Наверное, имей Лёнька одну конфету, он бы легко отломил мне половину, как в песне. Но у него было две. Я кинул конфетину в рот, и по языку разлилась сладость, которая не сравнится ни с одной лесной ягодой. После вчерашней каши и сегодняшнего пресного завтрака конфета показалась мне самым лучшим угощением. Пришелицей из прекрасного мира, который меня вынудили оставить. Только сейчас я ощутил, насколько сильно являюсь домашним мальчиком. Дома как-то всё идеально устроено для меня. Своя комната, свой комп, своя одежда в своём шкафу.
Правда, в последнее время я становлюсь взрывным. Непонятно, почему. Но временами меня охватывает состояние, когда бесит всё! И вот тогда я словно порох, ожидающий искру. И не дай вам Бог быть рядом, если искра всё-таки упадёт. Я моментально превращаюсь в зверёныша. То тихий сурок насвистывал убаюкивающую мелодию, и вдруг на его месте оказывается разъярённый тигрёныш.
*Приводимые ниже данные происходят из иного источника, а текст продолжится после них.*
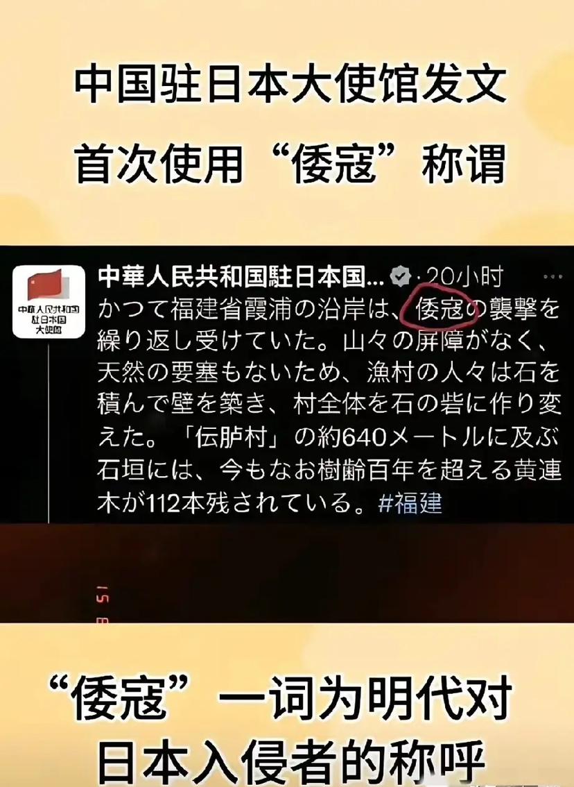 日本网友肯定坐不住了,因为我们驻日大使馆称日本为倭寇。这是几百年后我们再次官方提到倭寇二字。要知道第一次提到倭寇还是明朝时期,当时日本倭寇侵袭我国东南沿海地区,造成了我国东南沿海地区重大人员伤亡,财产损失这是对日本的蔑视, 可这哪里是单纯的蔑视?这两个字里,藏着的是刻进民族记忆的伤痛,是对日本近期嚣张行径的精准定性,更是毫不含糊的强硬警示——能让官方时隔数百年重启这个称谓,足见日本近期的操作有多越界,早已触碰了我们的底线。 明朝的倭寇之患,持续了近两百年,可不是小打小闹的骚扰。那些倭寇里,既有日本的浪人、武士,也有勾结外敌的奸商,他们驾着快船突袭沿海村落,烧杀抢掠无恶不作,冲进民宅抢粮食、夺财物,遇到反抗就拔刀杀人,甚至把村落烧成一片焦土。当时东南沿海的百姓,白天不敢出门劳作,夜里睡不安稳,不少家庭妻离子散、家破人亡,官府虽多次出兵围剿,却因倭寇行踪不定、凶狠残暴,付出了巨大代价才勉强平定,这段血泪史,早就把“倭寇”二字和“侵略、残暴”牢牢绑定,成了刻在民族骨血里的负面印记。 官方如今重提这个词,绝非无端旧事重提,而是日本近期的所作所为,活脱脱复刻了当年倭寇的侵略野心。这些年日本一边否认二战侵略罪行,篡改历史教科书,祭拜靖国神社里的战犯,一边加速扩军备战,提升军费预算,研发进攻性武器,还频频在台海问题上挑衅,鼓吹“台海有事即日本有事”,试图插手中国内政,甚至和美国联手搞军事演习,在东亚地区搅动风云,这和当年倭寇觊觎中国领土、肆意作乱的行径,本质上并无二致。 说白了,“倭寇”二字,是对日本当下野心的精准点破。它不是情绪化的蔑视,而是基于历史与现实的客观评判——日本若继续抱着军国主义野心不放,不断突破和平底线,不断挑衅周边国家,那它在国际社会的形象,就和当年烧杀抢掠的倭寇没什么区别。日本网友坐不住,说到底是怕这个称谓戳穿了他们试图掩盖的历史底色,怕外界看清其扩张图谋,更怕我们的强硬态度,打破他们仗着美国撑腰肆意挑衅的节奏。 要知道,我们从不是主动树敌的国家,一直秉持和平发展理念,可面对步步紧逼的挑衅,绝不会姑息纵容。当年能平定猖獗的倭寇,如今更有足够的实力和底气,应对任何针对我国主权的挑衅行为。重提“倭寇”,是提醒日本别好了伤疤忘了疼,别低估中国捍卫国家利益的决心;是警示其认清历史大势,收起侵略野心,否则只会重蹈覆辙,付出惨痛代价。 这个沉寂数百年的称谓再次出现,不是历史的复刻,而是现实的警醒。日本若还执迷不悟,继续在危险的道路上狂奔,只会让自己陷入更孤立的境地,到时候再后悔,可就晚了。 各位读者你们怎么看?欢迎在评论区讨论。

Я даже сам себя начинаю побаиваться. Особенно, после случая недельной давности. Предки тогда отправляли меня в магазин за какой-то ерундовиной. Я ж не шёл, прилепившись к клавиатуре. На экране мой герой вот-вот должен был повысить уровень возможностей. И я не мог сохраниться до тех пор, пока этот уровень не обрету. Противники пулялись камнями и трещащими фиолетовыми шарами. Я уворачивался и молотил во все стороны со всей стремительностью, на которую способен. Схватка в десятый раз могла окончиться проигрышем, и тогда выходило, что последние четыре часа жизни я провёл зря. Но я чуял, во мне зрела непреклонная уверенность, что на сейчас схватка клонится к победе. Мать что-то говорила мне, но я не слышал. Из реального мира я разбирал разве что надсадное скрипение кресла, стонущего от моих метаний. Ведь и я не сидел каменным гостем, а дёргался в такт броскам героя на экране. Я уже завалил босса уровня, осталось разделаться с двумя мелкими монстрами...
В этот миг, когда до победы оставалось пара минут, отец демонстративно выдрал кабель из сетевухи, и яркий мир сменился серой картинкой с надписью, советовавшей мне проверить соединение с Интернетом.
Пару минут! Они не могли подождать пару минут, принеся в жертву едва ли не половину моего дня!!!
Я сам не понял, как дошёл до максимальной точки кипения. Случилось самое плохое. Вернее, почти случилось. Я вскочил, вопя, как разъярённый опоссум, хватанул тяжёлый молоток, с незапамятных времён валявшийся на столе среди потрёпанных книженций, и даже замахнулся, чтобы швырнуть его в батяню.
Не понимаю, что остановило бросок, но как я славил потом невидимую силу, не давшую мне бросить железо смерти.
Но я мог бросить!
По побледневшим вытянувшимся лицам отца и матери я мигом сообразил, что и до них дошло: мог бросить. Не бросил в этот раз. Но в следующий бросит.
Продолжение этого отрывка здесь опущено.